Something Good Has Happened To Me

So...I was worried about falling into a post-potter depression. I worried I wouldn't be able to enjoy reading for awhile.

Guess what.

It didn't happen!

Well, okay. Honestly, there were a few blue days.

I made a rule that I would give myself a week to get JK Rowling out of my system. Then I'd start a new book.

I was going to start a new book on Saturday, but by Wednesday I was really needing to read...SOMETHING.

I read a fairly good Australian book; Little Wing by Joanne Horniman. It's no Harry Potter, but it's a sweet poignant book about postpartum depression.

Although I was sort of depressed (about the Potter thing, and other stuff) while reading it. I'm not sure it's helpful to read a book about depression when you're not feeling very happy. Or maybe that's the BEST time to read a book about depression. If you read a depressing book while happy, it might pull you OUT of your happiness.

The awesome thing is after reading Little Wing, I started reading another Australian book; A Fraction of the Whole by Steve Toltz.

I won't say it's as good as the Potter stuff, but it is BRILLIANT!

Lately, I've come to realize that I feel I'm less self-centered than most people I know. However, I think I'm much more vain than most people I know. My feelings about the book are evidence of this.

The main character reminds me of myself. Or maybe the author does. Maybe both?

So yeah. Leave it to a vain person like me to like a writer that reminds me of myself.

What can I say? I like me, and I like people that remind me of me.

The book is so funny. And it's full of great quotes.
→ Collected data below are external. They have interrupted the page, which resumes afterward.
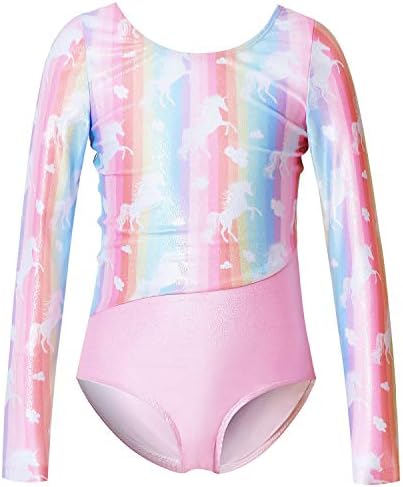 Amazon Com Jxstar Girls Long Sleeve Gymnastics Leotards Kids Sparkle Unicorn Outfit Clothes Clothing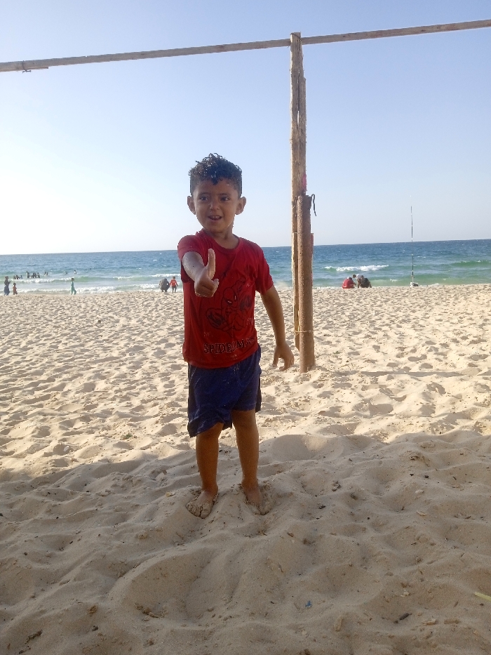- "A young boy stands barefoot on a sandy beach in Al-Mawasi, Palestinian Territories, under a clear blue sky" by FM-cV3b62, licensed under CC BY 4.0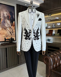 Trajes de moda para hombre, 2 piezas, apliques, blazer, pantalones, cuentas, un botón, esmoquin formal para graduación, boda, novio, talla grande, a medida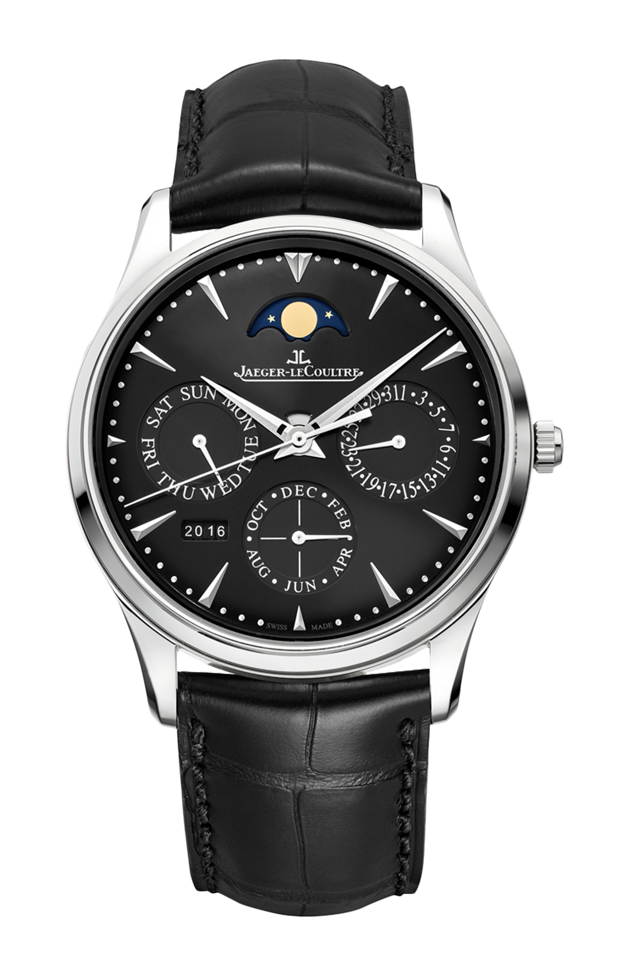 Già al primo sguardo ammalia, con il quadrante e il bracciale di colore nero. L'orologio Master Ultra Thin Perpetual in acciaio offre agli appassionati un calendario perpetuo in uno scrigno ultrapiatto dal colore profondo.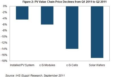 晶圓領(lǐng)域直到最近還是PV價(jià)值鏈中利潤(rùn)比較豐厚的環(huán)節(jié)。但是,產(chǎn)能大量增加,包括垂直整合型企業(yè)增加的產(chǎn)能,導(dǎo)致上半年晶圓面臨降價(jià)壓力。這進(jìn)而降低了生產(chǎn)電池的成本,導(dǎo)致模組的價(jià)格下降。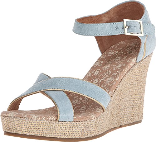 Textile or suede upper. Ankle strap with side buckle for a secure and adjustable fit. Soft textile lining offers a comfortable next-to-skin feel. Cushioned comfort insole for added underfoot support. Rope wedge. Durable rubber outsole. Imported.

I'd love to share many, but I'll just type out my favorite two paragraphs.

It's from page 165.

Now I want you to know, I do not agree with the theory that all illness is made in the mind. Whenever someone says that to me, and blames all my sickness on "negative thoughts," I think one of the ugliest most uncharitable, angriest thoughts in my ugly, uncharitable, angry thought repertoire. I think: I hope to see you at your child's funeral so you can explain to me how your six-year-old daughter fabricated her own leukemia. Like I said, not nice, but that's how furious that particular theory makes me.....

The problem with people is that they are so in love with their beliefs that their epiphanies have to be absolute and comprehensive or nothing. They can't accept the possibility that their truths may have only an element of truth in them.

That pretty much sums up how I feel about the whole power of attraction philosophy. I think I've expressed my feelings, in the past, about the issue fairly well....but probably not as well as Steve Toltz does.

I'd probably try really hard not to wish someone's child dead, though. That's too awful.

I especially love the second paragraph because it's EXACTLY how I feel about such things.

Power of Attraction folks have their weird beliefs.

I have my weird beliefs.

I believe in fate.

I WANT to believe I became obsessed with Australia for a reason.

My new idea is that I became obsessed just so I'd eventually be led to A Fraction of the Whole.

I don't think I'd read it otherwise.

How many Australian books did I read before becoming obsessed with Australia?

The only one I can think of is The Thorn Birds. And I don't think I even read all of it. I just kind of skimmed through to the kinky parts.

And even if I DID come across the book, I don't think I'd have chosen to read it. It deals with crime stuff. I'm usually not into that kind of thing. I'm not a big fan of stories that paint sympathetic portrayals of criminals. Well, there was Peter Kocan. I love his books. But again. He's Australian. If I wasn't into Australia, I wouldn't have read Kocan's stuff either.

I'm wondering if any of you have read the Toltz book. I hope so.

If you haven't read it yet, I highly recommend it.


Oh!!!!

I forgot to mention my other awesome news. It turns out that I didn't have to say good-bye to Harry Potter. Jack and I are reading it together now!!! I've started right back at the beginning. Every night, at bedtime, we read a chapter together. Tim thinks it's funny because we don't read it aloud together. We just sit together and read it silently to ourselves. It's so NICE.

We're going to read it on the plane together. I think it's going to make London more interesting and meaningful to Jack. I'm thankful for that.